On November 2019, Data-Pop Alliance, ECLAC and IBGE conducted the first technical workshop in Rio de Janeiro. This was the first time that Data-Pop Alliance organized a three-day training tailored particularly for the needs of the staff at the Brazilian National Statistical Office (IBGE). The goal was helping them to build and strengthen internal capacities to leverage web data collection and analysis in their projects. 

Workshop with CETIC & NIC

Data-Pop Alliance has offered trainings in São Paulo with the Regional Center for Studies on the Development of the Information Society (CETIC) and the Brazilian Network Information Center (NIC) annually from 2016 through 2019. The most recent edition included a session by Emmanuel Letouzé titled “Data for public statistics: Data Science, Big Data & Artificial Intelligence” in May 2019. View the prese​ntation here.

Workshop "Big Data, Digital Economy and Sustainable Development" with ECLAC

In September 2017, Data-Pop Alliance conducted a training in conjunction with the UN Economic Commission for Latin America and the Caribbean (ECLAC) in São Paulo. Over three days the more than 40 participants learned to develop and implement Big Data innovation projects, policies, and partnerships in support of sustainable development objectives. 

Click below to find more information on our capacity building workshops.


Reporting and Registering Domestic Violence Against Women and Girls in São Paulo and Bogotá: A Data-Driven Model

This project, developed between 2020 and 2021, aims to contribute to a better understanding of the factors that impact the reporting and registering of domestic violence against women and girls, particularly in the context of the COVID-19 pandemic. To achieve this goal, an analytical model was developed that uses traditional and non-traditional data to identify the multidimensional capabilities to report and register domestic VAWG at the locality level in Bogotá and São Paulo.

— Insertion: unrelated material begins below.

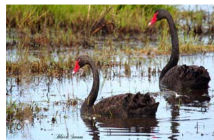
Black Swans

The project was developed with the support of Unidas, a network launched by the German Federal Foreign Office to foster dialogue between members and allies whose goal is to create equal opportunities and gender justice.

AI for mapping poverty hotspots in Brazil​

“Better data” is considered a key element to foster evidence-based policy, including targeting of social programs. One of the greatest challenges for inclusion in social programs throughout the country remains the “busca ativa” (active search) of potential beneficiaries, in particular those most marginalized. 

The objective of this project is to produce a pilot data product, leveraging Prosperia Lab’s technology for building high-resolution socioeconomic maps of large urban areas, based on high-resolution satellite imagery and artificial intelligence methods. In particular, the project aims at mapping extreme-poverty at low cost and throughout Brazil’s metropolitan areas. These maps in turn can constitute critical information for improving decisions of public institutions regarding where to deploy their social workers on the field, and ultimately reach the most marginalized populations. This proactive outreach is called “busca ativa”, and is considered one of the cornerstones of targeted social policies towards the end poverty (SDG 1). 

This project is co-led with Prosperia Labs, with funding from the MIT Sloan Office for Latin America.